I’ve always been in decent shape, and have been going to the gym since I was 16. But after leaving university, I’ve struggled to maintain the level of fitness I had back then, when I was doing a lot of boxing training. For the last few years I had set—and then failed—resolutions to get back to a certain weight and reduce my body fat to a level where I could really see my abs again.
I wasn’t paying enough attention to my diet. I’d often overeat at the weekends, usually junk food. And despite being fairly active, looking back I wasn’t working out at the gym with as much intensity as I thought.
The turning point came in early 2020, which looked like it was going to be the third year in a row where I wasn’t going to achieve my New Year’s resolution. I was feeling frustrated, and started looking at what I was doing in the gm and considering whether I’d been training wrong all this time. I thought that really, given the time and money I’ve spent over 15 years of gym memberships, I should be in brilliant shape, otherwise what was I doing there?
I did some research, buying the two UP Fitness books on meal plan and training plan design, and made some adjustments to my gym routine and diet. But it wasn’t until lockdown in March when the gyms closed that I was really forced to make changes, and focus on how I was working out and what I was eating, to ensure I could still make progress while training at home. I decided to use the money I’d been saving on a gym membership to try UP Fitness’ LiveUP coaching program.
I used to lift weights 4 days a week following my chest, back, shoulders and leg days. I stuck with the same workout for months and didn’t see any change, so would feel like I had to be doing this just to maintain the body I did have, meaning I would sometimes lose motivation and see it as a chore. I hated cardio and never really did it unless I was training for something specific, like a triathlon, and while I started cycling to work, I wasn’t able to this every single day.

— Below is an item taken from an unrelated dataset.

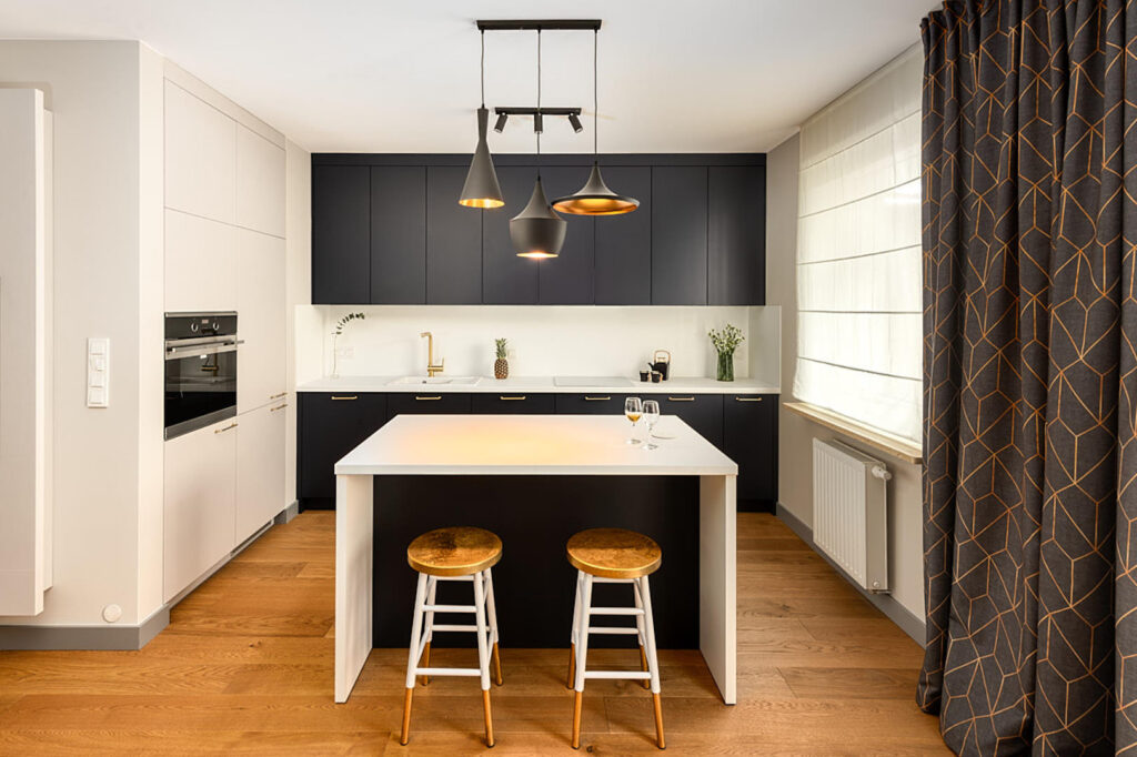 Kuchnia z granatową wyspą to serce apartamentu. Drewniana podłoga daje ciepło pod stopami, a złote uchwyty oraz stylowe stołki barowe dodają elegancji. Co więcej, to miejsce, gdzie poranna kawa smakuje najlepiej, a przestrzeń sprzyja rozmowom i spotkaniom. Takie rozwiązania pokazują, że jako architekt wnętrz potrafię połączyć nowoczesność z codziennym komfortem.
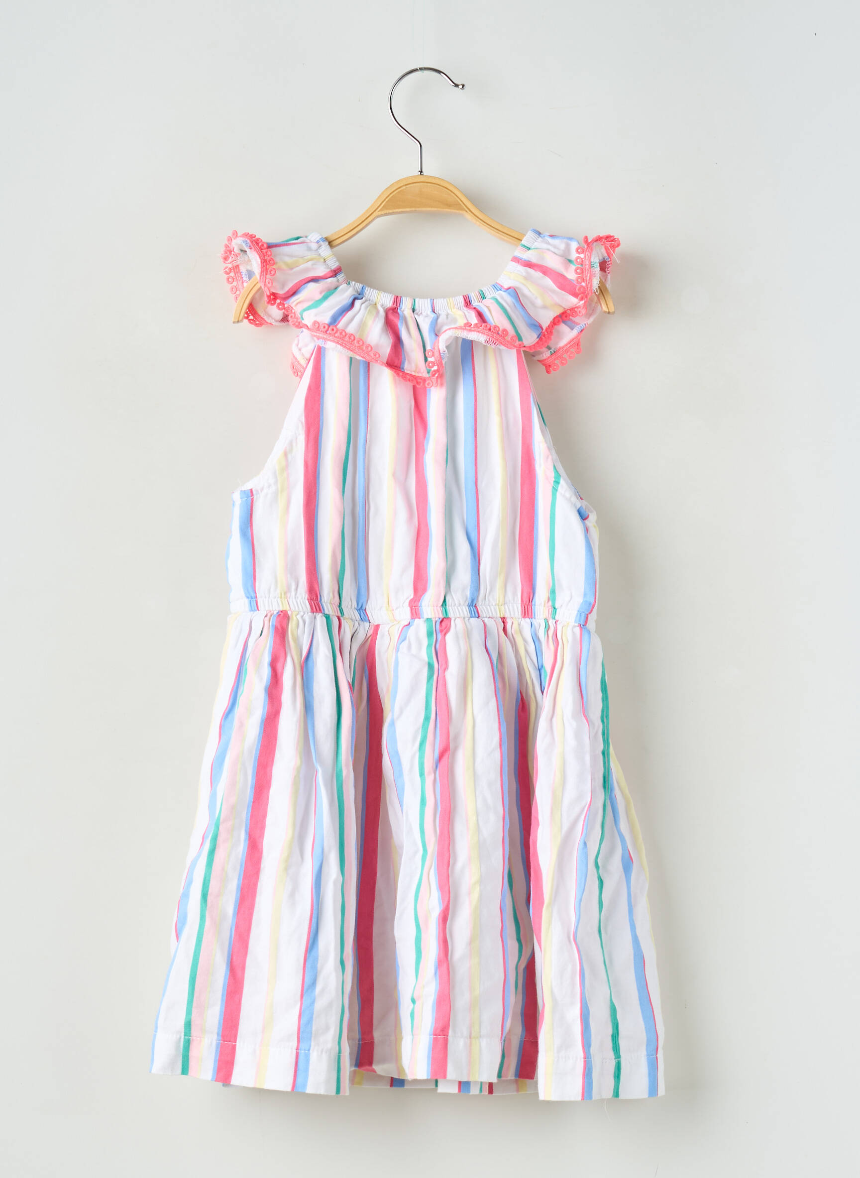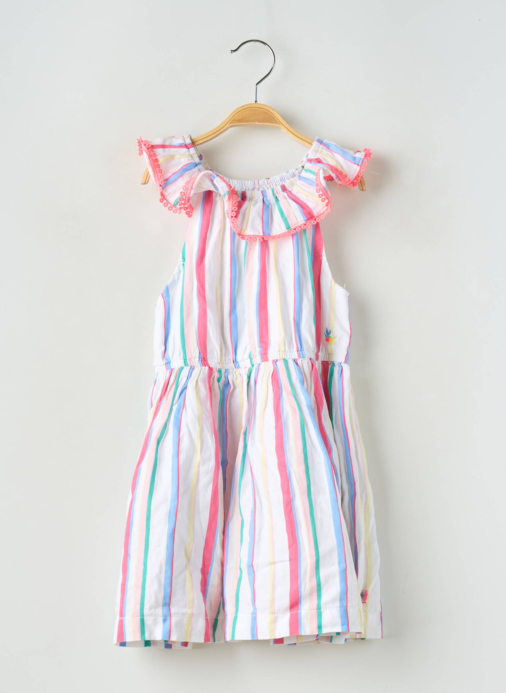 Pour faire plaisir sans se ruiner, cette robe mi-longue Sergent Major pour fille est l’affaire idéale à saisir. Avec ses rayures colorées et son col volanté délicatement rehaussé de petits détails roses, elle offre un look frais et joyeux qui ravira toutes les petites filles, parfaite pour les beaux jours et à prix tout doux.

The key changes to my training involved training less frequently with more intensity, giving myself sufficient recovery time. I also changed my workout split to full body workouts and began super-setting all of my exercises. And I’m generally more active on a day-to-day basis, hitting 12,500 steps per day without any need for dedicated cardio. My program changes every month, which keeps it interesting, and I make sure I improve my performance in every session and leave the gym knowing I couldn’t have worked harder.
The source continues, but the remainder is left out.